Пирожников во время рассказа сидел молча, уставившись глазами в одну точку. Казалось, он вовсе не слушал. Но когда мальчики кончили рассказывать, Борис Петрович выскочил из кухни в мастерскую и забегал по комнате, бормоча под нос проклятия.

Раздался стук в дверь. В глазах комиссара отразилась тревога. Он быстро вынул наган и проверил патроны.

– Открыть? – спросил Петрик.

– Все равно, открывай.

Петрик вышел в сени.

Тревога оказалась напрасной. Это пришел тот самый высокий молодой человек в черном дубленом полушубке и пыжиковой шапке с длинными ушами, что приезжал вчера вечером.

Петрик и Володя вышли. Молодой человек снял шапку и сел на койку. Хозяин и гость закрылись. Беседа велась вначале шепотом, потом стали говорить вполголоса.

– Надо мотать удочки, а то застукают! – сказал гость. – Контрразведка рыщет по городу.

– Черт их бей! Не в шкуре дело. Комитет сохранить надо.

Борис Петрович что-то добавил, но мальчики не расслышали. Опять заговорил гость:

– Не растет у меня борода. Прямо хоть приклеивай. Вчера на улице подходит...

Снова стали говорить шепотом. Ребята слышали, как несколько раз Борис Петрович упомянул фамилию Долинченко, Иртышский район, потом тюрьму и восьмой полк. Долетела непонятная фраза о провокаторе, выдавшем две конспиративных квартиры во втором районе.

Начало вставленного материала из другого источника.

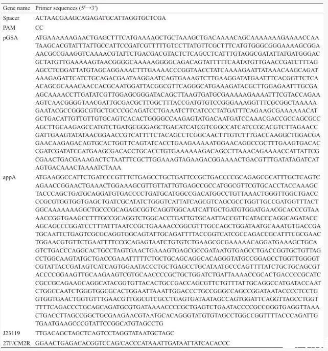 植酸酶appA基因(Uniprot ID:P07102)克隆自大腸桿菌K12,錨定蛋白pGSA基因(ACT52837.1)采用全基因合成(合成基因的載體骨架為pET-30a),錨定蛋白和植酸酶的融合可參考文獻,融合后的載體為pET-30a-pGSA-appA。其中,錨定蛋白pGSA和乘客蛋白AppA之間需用柔性肽(GGGGSGGGGS)連接,以消除pGSA和AppA之間的干擾,融合后的表面展示蛋白命名為pGSA-appA。大腸桿菌(Escherichia coli)DH5α和一株從黑土中分離的菌株皮氏羅爾斯頓氏菌(Ralstonia pickettii)G3分別作為基因的克隆和表達宿主,質(zhì)粒轉(zhuǎn)化通過二氨基庚二酸(diaminopimelic acid,DAP)營養(yǎng)缺陷型的大腸桿菌(Escherichia coli)WM3064作為供體菌進行偶聯(lián)轉(zhuǎn)移實現(xiàn)。INTEGRATE系統(tǒng)所用載體pSPIN骨架的構(gòu)建步驟可參考文獻。其中,CRISPR間隔區(qū)的Spacer序列(32 nt)用于基因的靶向定位,R end和L end之間的區(qū)域為Cargo區(qū)(其中包含目的基因)。具體基因和引物序列見表1。
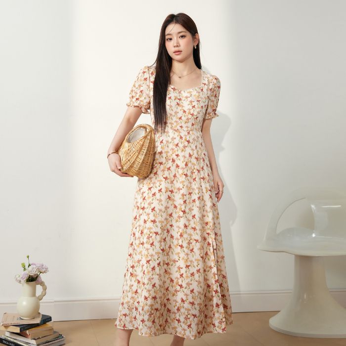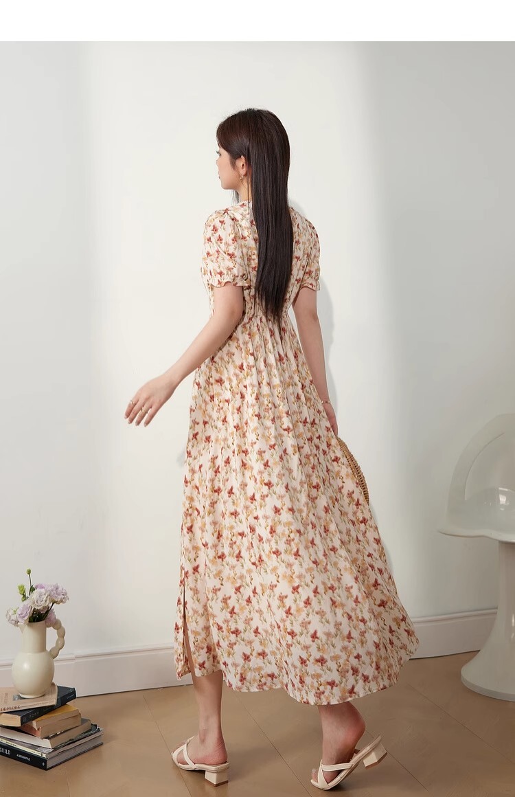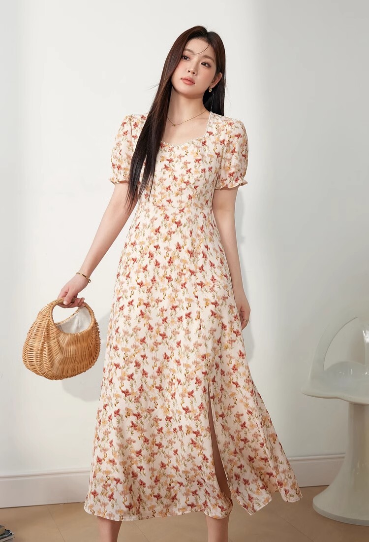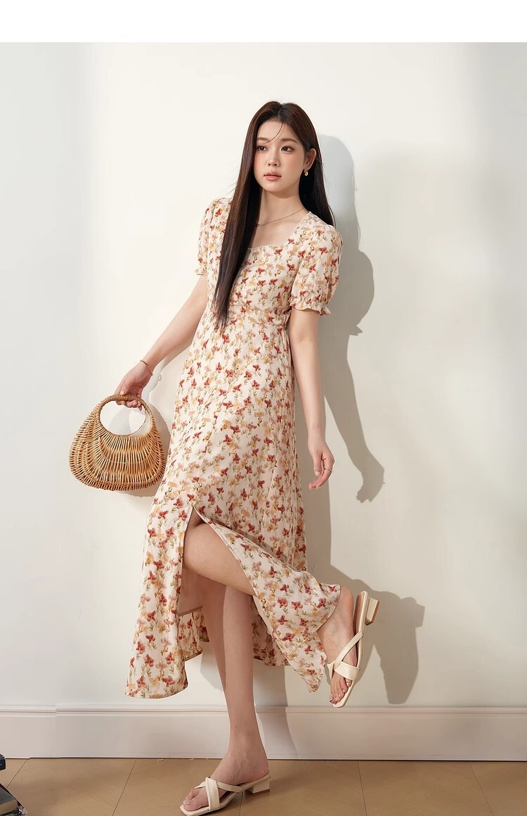 • 2025新款海边度假风方领泡泡袖连衣裙夏季女装胖mm显瘦碎花
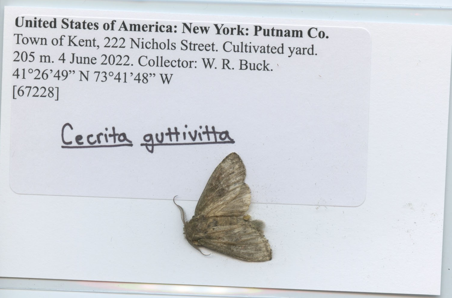 United States of America: New York: Putnam Co./ Town of Kent, 222 Nichols Street. Cultivated yard./ 205 m. 4 June 2022. Collector: W. R. Buck/ 41°26'49" N 73°41'48" W/ [67228]/ W.R. Buck/ Cecrita guttivitta
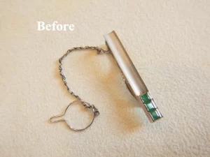 写真は、お父様から譲り受けたプラチナ製のタイピンを、
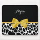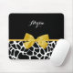 Trendy Giraffe Animal Print Yellow Bow With Name Mouse Mat
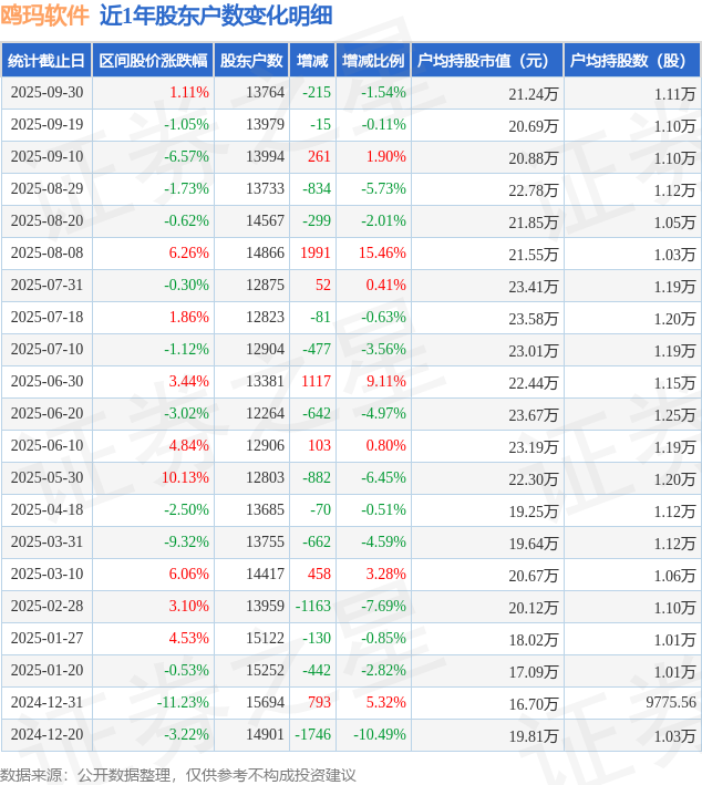 从股价来看,2025年9月19日至2025年9月30日,鸥玛软件区间涨幅为1.11%,在此期间股东户数减少215.0户,减幅为1.54%。

Петрик и Володя сидели затаив дыхание. Они понимали, что в городе происходили чрезвычайно важные события, грозившие большой опасностью для Бориса Петровича и молодого человека в пыжиковой шапке с длинными ушами.

Наконец, гость поднялся и, закурив папиросу, направился к двери. Пирожников вышел с ним вместе в сени и проводил до калитки.

Потом Володя поставил самовар, и за чаем Борис Петрович рассказал, как ночью большевики захватили тюрьму и выпустили на свободу заключенных. Он рассказывал с такими подробностями, что братья догадались, почему Борис Петрович не ночевал дома.

– Это вы их освобождали? – спросил Петрик.

Пирожников сделал вид, что не расслышал.

Остаток вечера говорили о Боре. Мальчики вспомнили беспризорника, и Володя очень жалел, что забыл спросить у Большого Пальца, где тот ночует. Хорошо бы его вновь найти и вместе с ним сходить в барак, где находился осенью Боря, и отсюда начать новые розыски.

– Теперь поздно жалеть! – сказал Петрик, сознавая свою оплошность. – Но ничего, разыщем.

Чай допили и стали укладываться спать.

– Думаю, что к нам не придут гости, – неуверенно произнес Пирожников. – А все-таки...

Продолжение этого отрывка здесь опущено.